» Task: Please reproduce exactly, and only, the line containing "Picker, BLUE, 5/Unit" and every line after it to the end of the records below, leaving out all pictures.

----- Extracted data -----

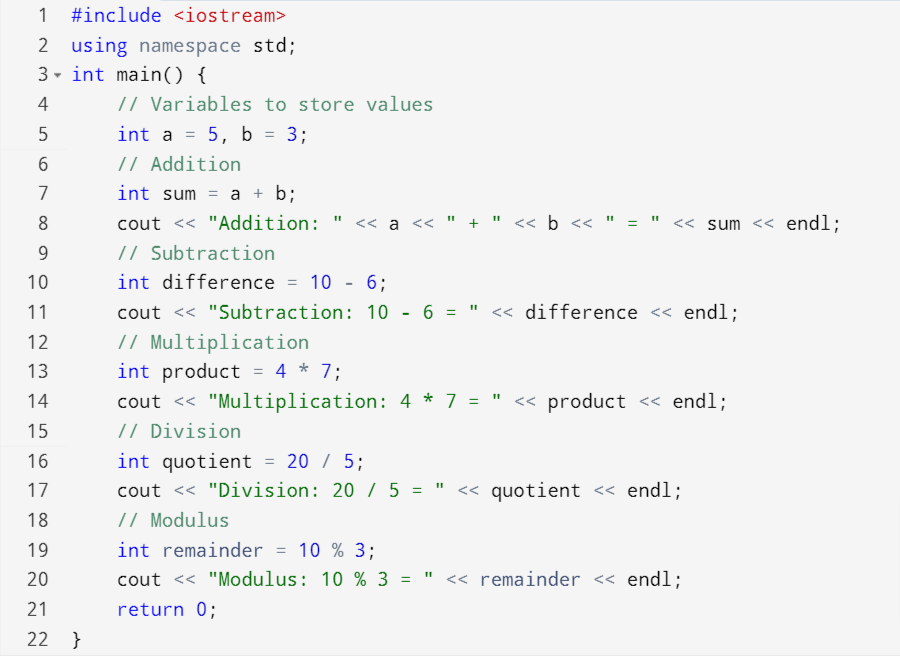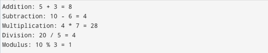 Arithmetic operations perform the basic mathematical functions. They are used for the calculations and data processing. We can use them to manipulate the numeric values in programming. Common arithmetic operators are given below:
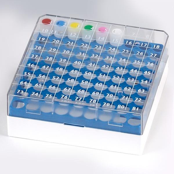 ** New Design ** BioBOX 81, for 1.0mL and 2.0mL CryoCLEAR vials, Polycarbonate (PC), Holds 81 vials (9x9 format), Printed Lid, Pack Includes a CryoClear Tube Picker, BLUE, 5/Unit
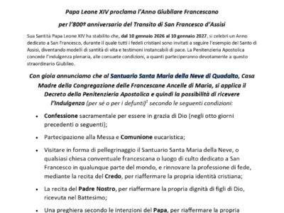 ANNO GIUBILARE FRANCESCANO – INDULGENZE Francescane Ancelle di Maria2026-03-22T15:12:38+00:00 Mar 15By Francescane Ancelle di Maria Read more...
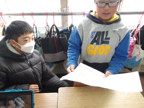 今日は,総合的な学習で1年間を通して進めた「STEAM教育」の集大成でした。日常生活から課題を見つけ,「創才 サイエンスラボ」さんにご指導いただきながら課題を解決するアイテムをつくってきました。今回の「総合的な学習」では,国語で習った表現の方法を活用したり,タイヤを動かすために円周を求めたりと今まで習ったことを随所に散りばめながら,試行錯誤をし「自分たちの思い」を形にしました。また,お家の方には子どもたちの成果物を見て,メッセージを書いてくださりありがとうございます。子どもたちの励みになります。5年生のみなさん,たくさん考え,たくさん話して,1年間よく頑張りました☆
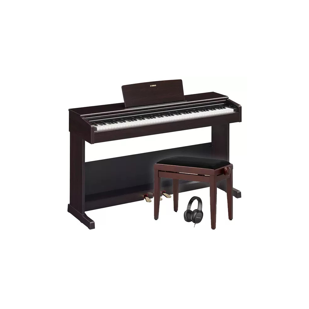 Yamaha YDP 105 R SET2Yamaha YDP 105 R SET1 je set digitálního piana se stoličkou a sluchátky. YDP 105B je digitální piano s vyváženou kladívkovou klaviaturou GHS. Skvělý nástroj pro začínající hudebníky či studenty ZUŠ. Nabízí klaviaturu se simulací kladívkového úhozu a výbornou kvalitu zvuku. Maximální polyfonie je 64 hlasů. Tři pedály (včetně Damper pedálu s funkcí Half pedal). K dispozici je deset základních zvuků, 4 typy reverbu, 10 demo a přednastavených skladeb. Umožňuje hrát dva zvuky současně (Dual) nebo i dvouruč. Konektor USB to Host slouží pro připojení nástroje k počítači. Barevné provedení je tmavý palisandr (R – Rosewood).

-----

» Task response:
 ** New Design ** BioBOX 81, for 1.0mL and 2.0mL CryoCLEAR vials, Polycarbonate (PC), Holds 81 vials (9x9 format), Printed Lid, Pack Includes a CryoClear Tube Picker, BLUE, 5/Unit
 ANNO GIUBILARE FRANCESCANO – INDULGENZE Francescane Ancelle di Maria2026-03-22T15:12:38+00:00 Mar 15By Francescane Ancelle di Maria Read more...
 今日は,総合的な学習で1年間を通して進めた「STEAM教育」の集大成でした。日常生活から課題を見つけ,「創才 サイエンスラボ」さんにご指導いただきながら課題を解決するアイテムをつくってきました。今回の「総合的な学習」では,国語で習った表現の方法を活用したり,タイヤを動かすために円周を求めたりと今まで習ったことを随所に散りばめながら,試行錯誤をし「自分たちの思い」を形にしました。また,お家の方には子どもたちの成果物を見て,メッセージを書いてくださりありがとうございます。子どもたちの励みになります。5年生のみなさん,たくさん考え,たくさん話して,1年間よく頑張りました☆
 Yamaha YDP 105 R SET2Yamaha YDP 105 R SET1 je set digitálního piana se stoličkou a sluchátky. YDP 105B je digitální piano s vyváženou kladívkovou klaviaturou GHS. Skvělý nástroj pro začínající hudebníky či studenty ZUŠ. Nabízí klaviaturu se simulací kladívkového úhozu a výbornou kvalitu zvuku. Maximální polyfonie je 64 hlasů. Tři pedály (včetně Damper pedálu s funkcí Half pedal). K dispozici je deset základních zvuků, 4 typy reverbu, 10 demo a přednastavených skladeb. Umožňuje hrát dva zvuky současně (Dual) nebo i dvouruč. Konektor USB to Host slouží pro připojení nástroje k počítači. Barevné provedení je tmavý palisandr (R – Rosewood).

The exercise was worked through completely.